Moreover, we believe that handling general constraints is a highly non-trivial task.Indeed, many previous works on BwK have attempted to achieve similar results under assumptions as weak as ours. However, they have only partially succeeded, addressing the problem only in the stochastic setting [1,2,3,4,5]. Removing the knowledge on the Slater parameter is both important on the practical size and interesting from a technical standpoint, even more so when it comes from the elegant idea of using adaptivity to self-bound the Lagrangian multipliers.

These results are not only technically challenging but also highly relevant as they enable significant applications. In the paper, we highlight two key examples: bandits with general constraints and the contextual bandits with linear constraints problem recently introduced by Slivkins et al. (2023b). Both models have practical implications, including applications in autobidding for first-price auctions. Given the generality of our approach, it is likely that there are additional applications we have yet to explore.

References:

[1] Agrawal, Shipra, and Nikhil R. Devanur. "Bandits with concave rewards and convex knapsacks." Proceedings of the fifteenth ACM conference on Economics and computation. 2014.

[2] Agrawal, Shipra, and Nikhil R. Devanur. "Bandits with global convex constraints and objective." Operations Research 67.5 (2019): 1486-1502.

[3] Yu, Hao, Michael Neely, and Xiaohan Wei. "Online convex optimization with stochastic constraints." Advances in Neural Information Processing Systems 30 (2017).

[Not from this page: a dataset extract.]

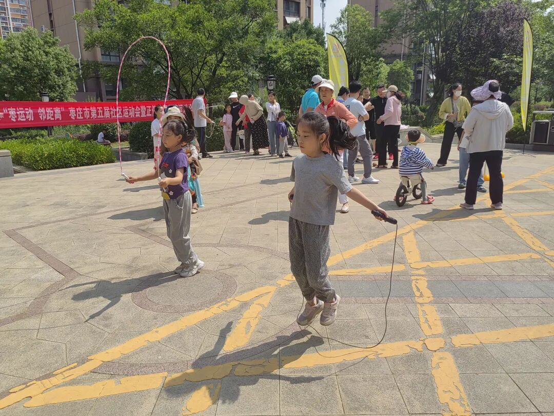 为进一步丰富社区居民的体育文化生活,增强社区凝聚力,营造全民健身的良好氛围,6月2日,枣庄第五届社区运动会在新城街道正信社区激情开赛。本次运动会设置了多个贴近生活、趣味性强的比赛项目,如跳绳、飞镖大转盘、趣味保龄球、篮球投篮、欢乐投球手、夹鸡蛋等,既有适合年轻人的竞技项目,也有适合老年人和儿童参与的休闲项目,充分考虑了不同年龄段居民的需求和特点。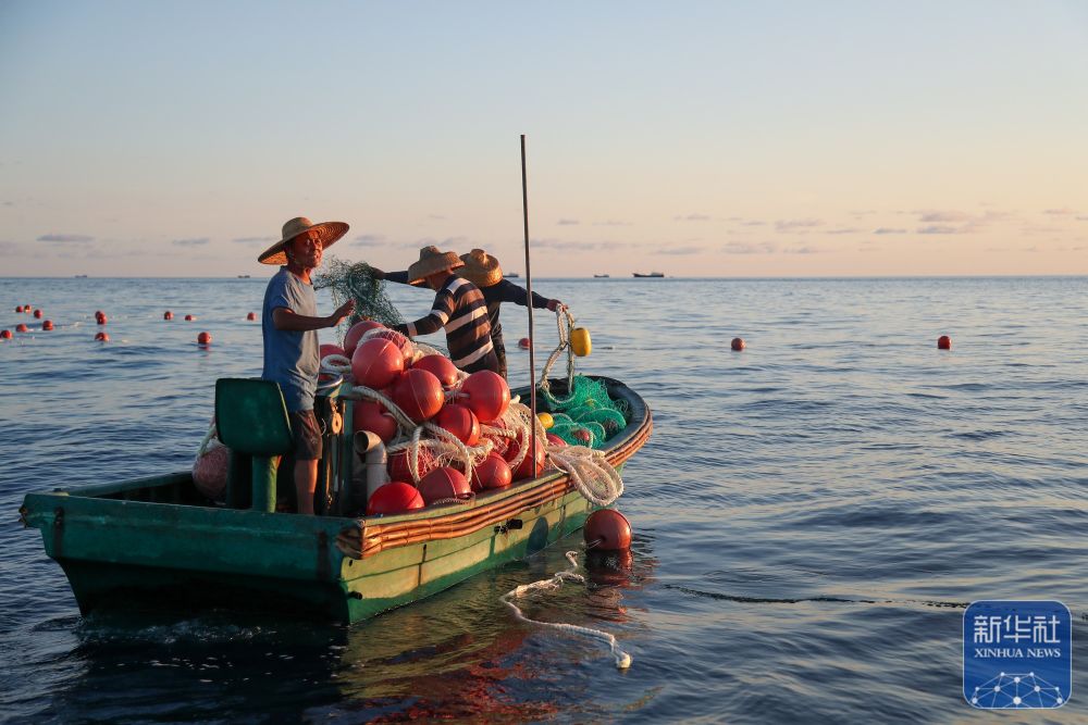 ↑5月15日,中国渔民回收被菲方人员破坏的渔网。新华社记者 赵晨捷 摄

[4] Wei, Xiaohan, Hao Yu, and Michael J. Neely. "Online primal-dual mirror descent under stochastic constraints." Proceedings of the ACM on Measurement and Analysis of Computing Systems 4.2 (2020): 1-36.

[5] Castiglioni, Matteo, et al. "A unifying framework for online optimization with long-term constraints." Advances in Neural Information Processing Systems 35 (2022): 33589-33602.

审稿人评论

Thank you for your response to my Q1. Yes, the claim of "stronger result" definitely makes more sense if the two competitive ratios are in fact identical.

Thanks for listing the technical contributions. When I looked at Appendix B I felt it was fairly standard, for example the following paper (which studies a completely unrelated problem) also uses a similar argument that "since η\eta is small, it takes many rounds for a coordinate to be large".

Zihan Zhang, Wenhao Zhan, Yuxin Chen, Simon S Du, Jason D Lee. "Optimal Multi-Distribution Learning". COLT 2024.

But now I realize they are actually pretty different, because in the above paper they are studying something over a simplex, but here the dual variables have unbounded regions. I agree that the results regarding almost-independent coordinates are far from intuitive. I encourage the authors to include more discussions regarding the technical difficulties in the revision.

I am now leaning more towards accept.

作者评论

Thank you for taking the time to read our responses. We appreciate your reassessment of the contributions of our paper, and hope this can be reflected in your final score.

最终决定

This paper extending the bandits with knapsacks (BwK) framework to the setting with long-term constraints. By exploring weakly adaptive primal and dual algorithms, the authors develop best-of-both-worlds guarantees for stochastic and adversarial inputs, without knowing the Slater’s parameter. Given the strength of the contribution, all reviewers unanimously recommend acceptance. That said, the authors are encouraged to further improve the paper, particularly in terms of paper presentation.